- Southern Front counteroffensive: Part of the Southern Front of the Russian Civil War
| Date | 14 August – 12 September 1919 |
| Location | Don Host; Voronezh; Kursk |
| Result | White victory |

Belligerents
- AFSR: Russian SFSR Red Army

Commanders and leaders
- Anton Denikin: Vladimir Yegoryev

Strength
- 144,000: 185,000

Casualties and losses
- Unknown: 10,000 killed

= Southern Front counteroffensive =

The August counter-offensive of the Southern Front (14 August – 12 September 1919) was an offensive during the Russian Civil War by the troops of the Southern Front of the Red Army against the White Guard troops of Anton Denikin. Combat operations were conducted by two offensive groups, the main blow was aimed towards the Don region. The troops of the Red Army were unable to carry out the assigned task, but their actions delayed the subsequent offensive of Denikin's army.

== Prelude ==
On 3 July 1919, Anton Denikin issued a directive for an offensive against Moscow, planning to inflict the main blow by the Volunteer Army through Kursk, Orel, and Tula. Red Army troops conducted defensive battles on a front of some 1400 km long and by the beginning of August were able to stop the advance of the Whites at Novoukrainka, Romodan, Oboyan, Liski, Borisoglebsk, north Kamyshin, Vladimirovka and Chyorny Yar. After this, the Red troops began to prepare to launch a counter-offensive.

According to Peter Kenez, "The great defeats forced the Bolsheviks to pay closer attention to the Southern front. Since Kolchak was already in retreat, they began to transfer some of their troops there from the East. Trotskii now spent most of his time in the South." Though opposed by Trotskii, Sergey Kamenev implemented a plan that involved attacking through Tsaritsyn, Novocherkassk, and Rostov.
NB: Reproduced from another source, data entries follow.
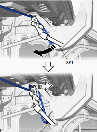 (a) Using SST, disconnect the luggage door hinge torsion bar RH from the luggage door hinge and the right side of the vehicle body as shown in the illustration.
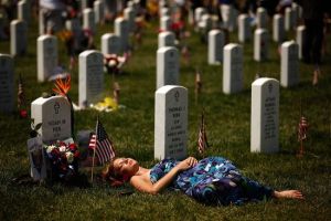 The young woman isn’t identified in the photo credits. Perhaps the photographer, Chip Somodevilla/Getty Images didn’t ask. It would take a ballsy person to stroll up to such a scene and play 20 questions though I imagine he’d have gotten chapter verse and the annotated notes if he had.The grave belongs to U.S. Marine Corps Lance Corporal Noah Pier. He was killed February 12, 2010 in Marja, Afghanistan and is resting at Arlington National Cemetery in Virginia, which is just outside the capital.
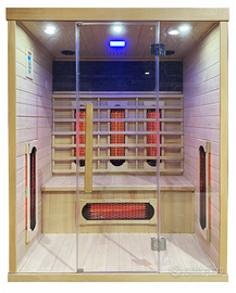 2) Sauna infrarossi 150x110 - Legno Canadese. Con Elementi Riscaldanti in Fibra di Carbonio Eco-Tech. Con Nuovo Pc - Full Optional - Luce led 7 colori - Ozono - Aromaterapia - Ventola - Luce lettura - Mp3 - Mp4 - Usb - Radio – Bluetooth al prezzo di 2200€;
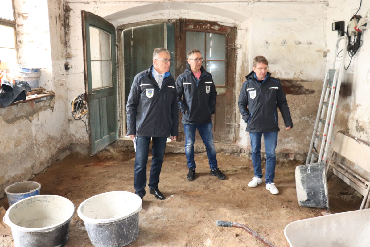 Nach ersten vorbereitenden Maßnahmen sind nun auch die Baumeisterarbeiten in vollem Gange. „Das neben der Fronfeste befindliche Gebäude atmet Geschichte – und hat bei der Übernahme durch die Stadt Tirschenreuth noch über zahlreiche alte Arbeitsgeräte und Maschinen verfügt. Diese haben die Mitglieder des Handwerkerscheune-Arbeitskreises für den Moment sichergestellt“, so Bürgermeister Franz Stahl bei einer Vor-Ort-Begehung mit Stadtbaumeister Andreas Ockl und Bauamt-Projektleiter Robert Reith.
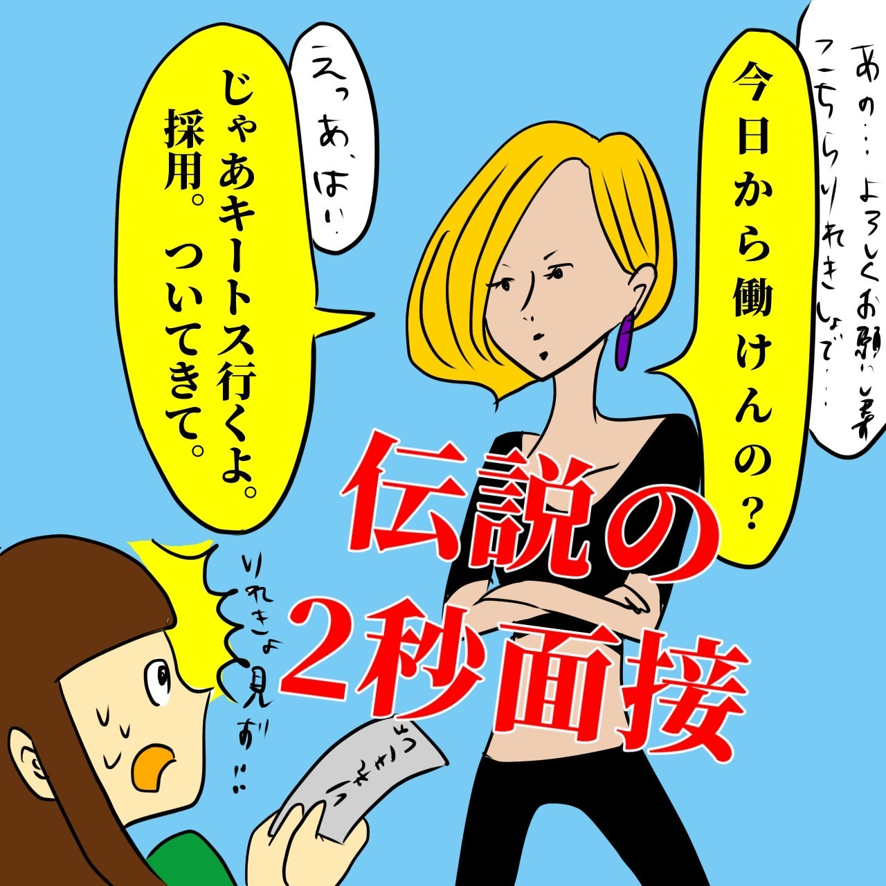 奈苗 で、面接日。ゴールデン街近くの待ち合わせ場所で待っていたら緑道からかなり長身の全身黒尽くめで少し不機嫌そうな女性がやってきまして、めっちゃ歌舞伎町怖いなと思ってたら、それがアヤコさんで。ぶっきらぼうに挨拶され、当時のブライアンバーに連れていかれ、履歴書お渡ししたら一瞥もせず「今日から働けんの?」と聞かれそのまま、歌舞伎町のkiitosという系列店に連れていかれ働くことになりました。面接は体感2秒でしたね。
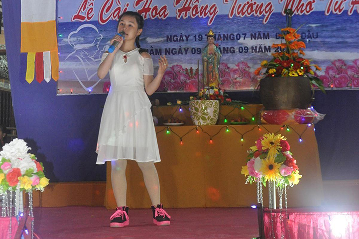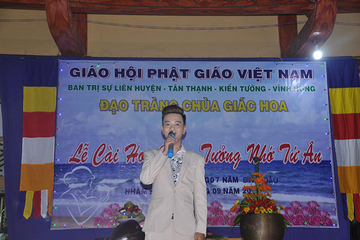 Sau nghi thức niệm Phật cầu gia bị, phút tưởng niệm, tuyên bố lý do và giới thiệu thành phần tham dự, nghệ sĩ Tuấn Anh cúng dường lên Tam bảo nhạc phẩm tựa đề “Vu lan nhớ mẹ”.
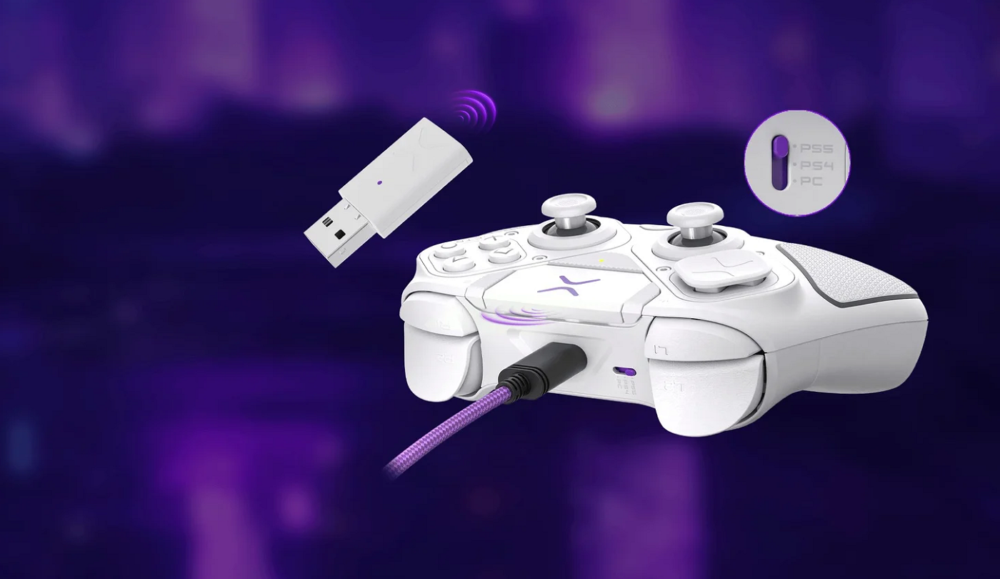 Connect via low-latency wireless or the 3m braided USB-C for tourna- ment play. Easily jump from PS5®, PS4®, & PC with the mode switch button.
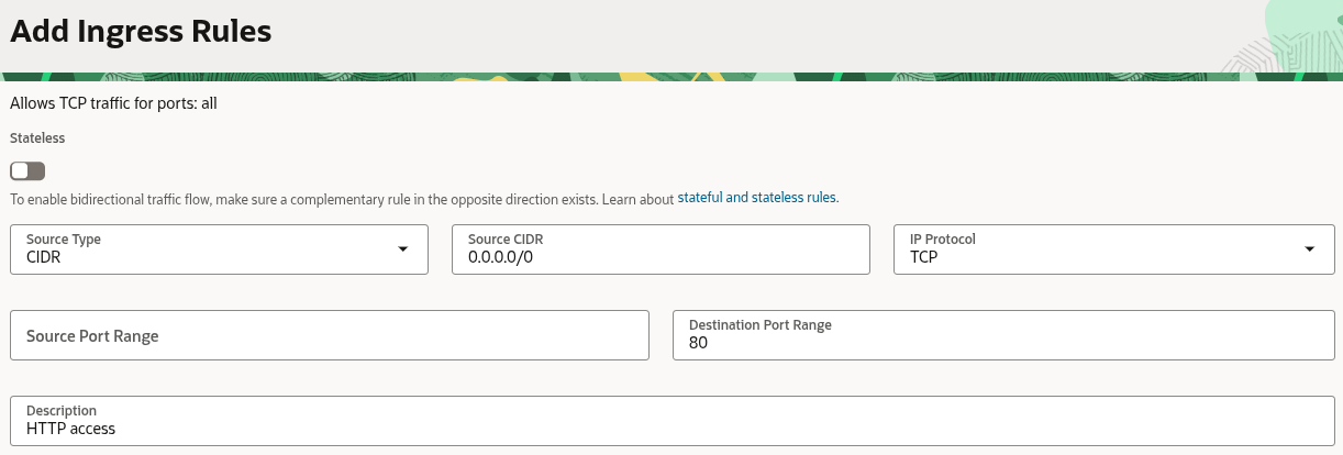 - Pertimbangkan untuk menambahkan rule HTTPS (port 443) juga
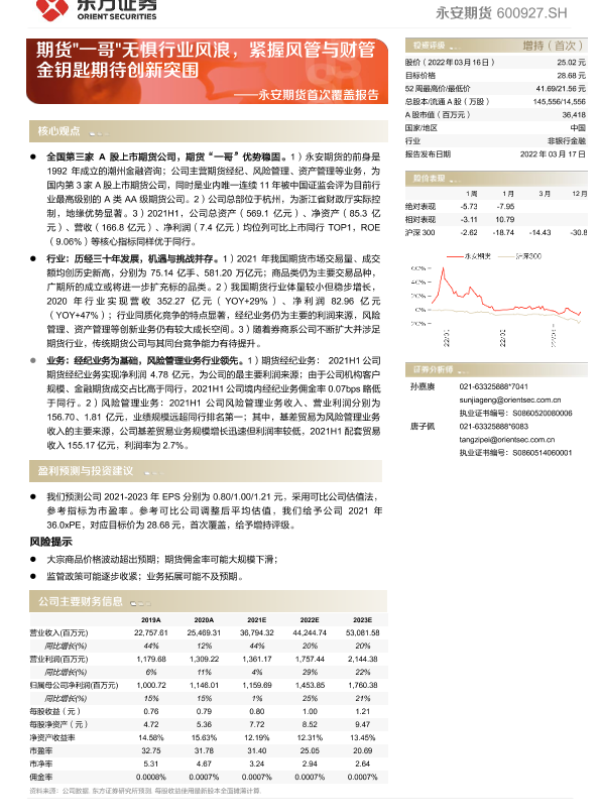 【东方证券】【20220317】永安期货首次覆盖报告:期货'一哥'无惧行业风浪,紧握风管与财管金钥匙期待创新突围-37页
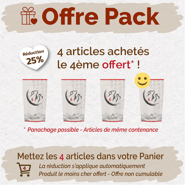 Dans ce cas, nous vous conseillons de choisir la gamme Cani-TAO en adaptant le dosage proportionnellement au poids de l'animal, à raison d'une gélule ou 2 comprimés pour 3 kg de poids, ou une demi dosette pour 5 kg de poids.

== Alignment of forces and plan of attack ==
By 15 August, the number of troops of the Southern Front of the Red Army, commanded by Vladimir Yegoryev, was 150,500 bayonets (infantry), 15,000-18,000 sabers (cavalry), 719 guns, and 3,197 machine guns. In the fortified areas there were an extra 35,000 bayonets and sabers, 129 guns, 184 machine guns, and more than 50,000 soldiers in reserve.

The AFSR forces operated under the general command of General Anton Denikin, and were composed of the Don Army, commanded by General Vladimir Sidorin; the Caucasus Army, commanded by General Pyotr Wrangel; and part of the Volunteer Army, commanded by Vladimir May-Mayevsky. The total number of these troops was 100,960 bayonets, 43,250 sabers, and 303 guns.

The main blow in the upcoming offensive was planned to be inflicted on Novocherkassk and Rostov-on-Don by the left flank of the Southern Front, in particular the Special group of Vasily Shorin composed of the 9th and 10th armies and the Cavalry Corps of Semyon Budyonny – 52,500 bayonets, 2,500-3,500 sabers, 314 guns, and 1,227 machine guns. An auxiliary strike against Kupiansk was to be executed by the Special Group of Vladimir Selivachyov composed of the 8th Army, 3rd and 42nd Infantry Division of the 13th Army – 49,700 bayonets, 3,900-4,200 sabers, 268 guns, and 1,381 machine guns. The total length of the front of the offensive was 760 km. The 14th Army was to support the offensive of Selivachev's group, by attacking Lozovaya.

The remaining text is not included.